Basic text streaming in and speech streaming out
import asyncio
from anthropic import AsyncAnthropic
from lmnt import AsyncLmnt
DEFAULT_PROMPT = 'Read me an excerpt of a short sci-fi story in the public domain.'
VOICE_ID = 'elowen'
async def main():
client = AsyncLmnt()
connection = await client.speech.sessions.create(voice=VOICE_ID)
t1 = asyncio.create_task(reader_task(connection))
t2 = asyncio.create_task(writer_task(connection))

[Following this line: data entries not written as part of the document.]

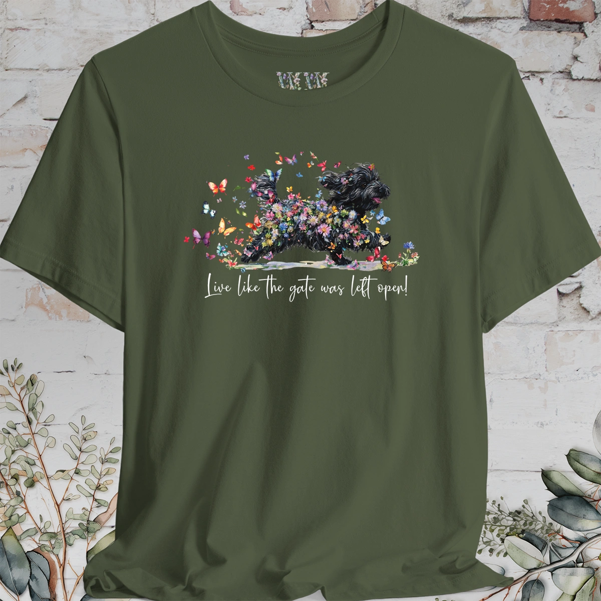 🦋 Celebrate the boundless joy of your furry friend with this vibrant Havanese T-shirt! 🌈 Featuring a colorful Havanese surrounded by butterflies and the inspiring words, "Live like the gate was left open!", this unisex tee is perfect for dog lovers who cherish the adventurous spirit of their pups. 🐾
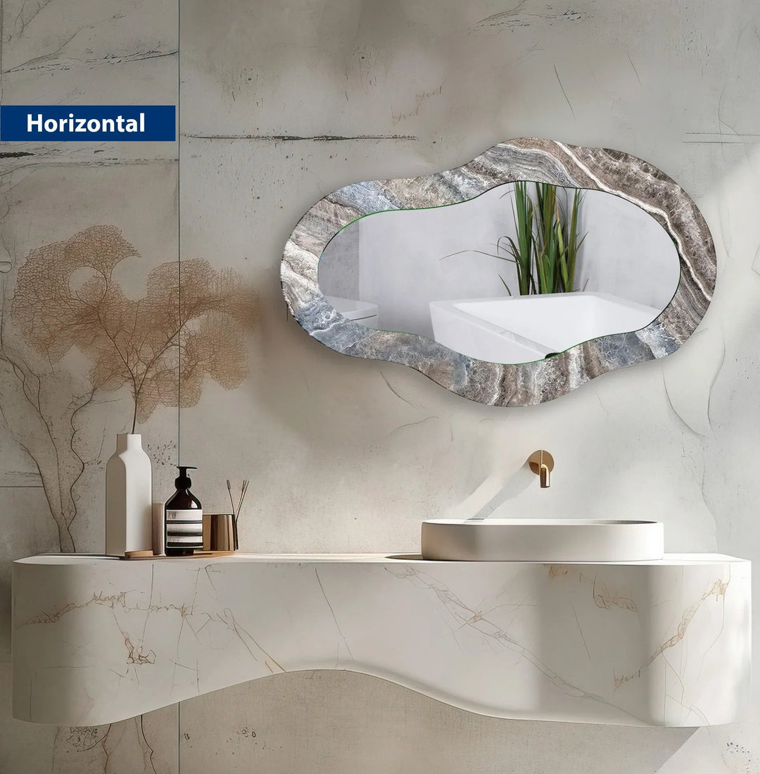 Introduce elegance to your space with the Gray and White Asymmetrical Wall Mirror. Its flowing, organic shape and marbled gray and white patterns offer a stunning focal point for any room. The seamless blend of neutral tones complements modern, industrial, and minimalist interiors effortlessly.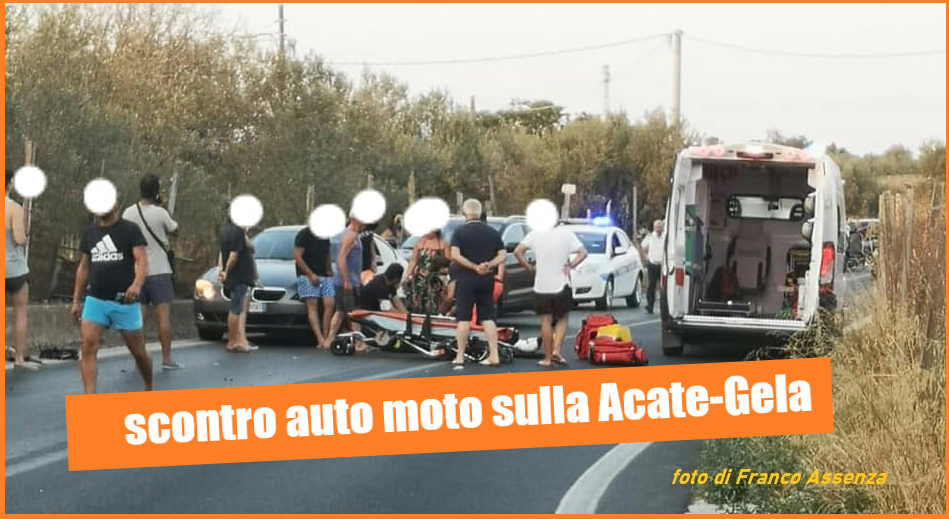 Un centauro è rimasto ferito, questo pomeriggio nello scontro della  moto su cui viaggiava, con un’auto, sulla Strada Provinciale “Acate-Gela”.

await asyncio.gather(t1, t2)
async def reader_task(connection):
"""Streams audio data from LMNT and writes it to `output.mp3`."""
with open('output.mp3', 'wb') as f:
async for message in connection:
f.write(message.audio)
async def writer_task(connection):
"""Streams text from Claude to LMNT."""
client = AsyncAnthropic()
async with client.messages.stream(
model='claude-sonnet-4-6',
max_tokens=1024,
messages=[{'role': 'user', 'content': DEFAULT_PROMPT}],
) as stream:
async for text in stream.text_stream:
await connection.append_text(text)
print(text, end='', flush=True)
# After `finish` is called, the server will close the connection
# when it has finished generating speech.
await connection.finish()
asyncio.run(main())Flushing when your LLM has finished a turn
As you stream text in, your speech session buffers a small amount of text while it waits for enough context to generate natural-sounding speech.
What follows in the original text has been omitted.